Assets that typically do not require probate include:

  • Private company shares
  • Unlisted debt obligations
  • Personal effects
  • Interests in partnerships or joint ventures

These assets can be included in the secondary will to avoid the probate process, which can save both time and money. The primary will would deal with assets that require probate, such as real estate.

What are probate fees?

Probate fees are generally calculated as a percentage of the total value of the assets that go through the probate process. By having multiple wills, individuals can allocate their assets strategically between these wills. Typically, they would have one will that covers assets that need to go through probate (such as real estate and publicly traded stocks), and another will that covers assets that can be transferred directly to beneficiaries without going through the probate process (such as privately held company shares or certain personal property).

It’s important to note that the practice of using multiple wills is not universally accepted in all provinces and jurisdictions in Canada. The legality and effectiveness of this strategy can vary, and there have been legal challenges and debates surrounding the use of multiple wills for estate planning purposes. The provinces in Canada that have allowed the concept of multiple wills are Ontario and British Columbia.

Examples of how multiple wills can be used to minimize probate fees : Primary will and secondary will


Alice is a wealthy individual with assets totaling $10 million, including her primary residence, investment properties, stocks, and various personal possessions. She lives in a jurisdiction where probate fees are significant, and they apply to the total value of her estate.

Primary Will:

In her primary will, Alice lists assets that typically go through probate, such as her primary residence, some personal possessions, and certain investments, totaling $4 million.
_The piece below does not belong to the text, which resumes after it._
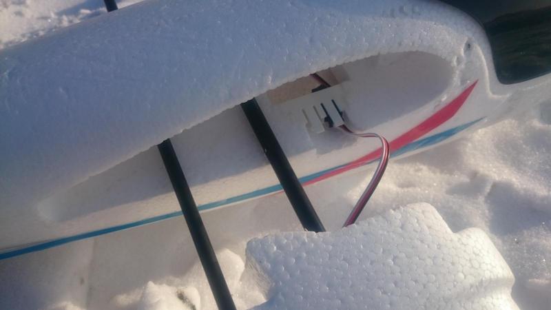Niestety model zaliczył krecika, na szczęście w metrowy śnieg, straty: serwo kierunku oraz przyczyna i strata zarazem - regulator napięcia,

This primary will is designed to cover assets that must go through the probate process for legal reasons or practical purposes.

Secondary Will:

In her secondary will, Alice lists assets that can potentially avoid probate, such as privately held corporations, and other assets that can be transferred directly to beneficiaries without going through the probate process, totaling $6 million.

Minimizing Probate Taxes:

When Alice passes away, her primary will undergo probate, and the assets listed in it are subject to probate fees, based on the jurisdiction’s tax rates. In this example, the primary will, with assets worth $4 million, would incur a significant probate fee liability. However, the assets listed in her secondary will bypass the probate process altogether and go directly to the named beneficiaries. Therefore, they are not subject to probate fees.

By using this multiple wills strategy, Alice has effectively reduced the value of her estate subject to probate fees from $10 million to just $4 million, resulting in substantial savings for her beneficiaries.

Instances where a secondary will might require probate

While the primary goal of a secondary will is to minimize probate requirements for certain assets, whether or not those assets require probate can depend on various factors, including local laws, proper drafting, and the nature of the assets. It is essential to work closely with legal professionals who are experienced in estate planning and familiar with the specific laws in your jurisdiction to ensure that your estate plan achieves your intended objectives.

Benefits of obtaining probate

While certain assets may not necessitate probate for ownership transfer and can be included in a secondary will, obtaining probate can still be advantageous for three reasons:

  1. Commencing probate initiates the countdown for potential claims against the estate. Some specific demands against the estate may have a limited timeframe within which they can be pursued.
  2. Obtaining probate also serves as protection for the executor. In cases where a will hasn’t undergone probate and is subsequently declared void, the executor might face potential personal liability towards the rightful beneficiaries.
  3. Securing probate provides safeguards for external entities, such as banks and brokerages, by offering verification that they are engaging with the individual duly authorized to represent the deceased’s estate. This safeguard ensures proper asset handling and prevents unintended transfers to unauthorized recipients.

Looking to set up multiple wills? Here is a quick reference guide:

  1. Consult an Estate Lawyer: Work with an experienced estate lawyer who is familiar with the laws in your specific province. They can guide you through the process and draft the necessary documents.
  2. Identify Non-Probate Assets: Determine which of your assets can be included in the secondary will to avoid probate.
  3. Draft the Wills: Your lawyer will draft both the primary and secondary wills, ensuring that they are legally sound and tailored to your specific situation.
  4. Execution and Witnesses: Both wills need to be properly signed and witnessed according to provincial laws. The signing process might differ depending on the province.
  5. Keep the Wills Safe: Store the wills in a secure place and let your loved ones know where they can be found. Inform your executor(s) about the existence and location of both wills.
  6. Regular Review: It’s important to review your wills periodically, especially when there are significant changes in your assets, family situation, or the law.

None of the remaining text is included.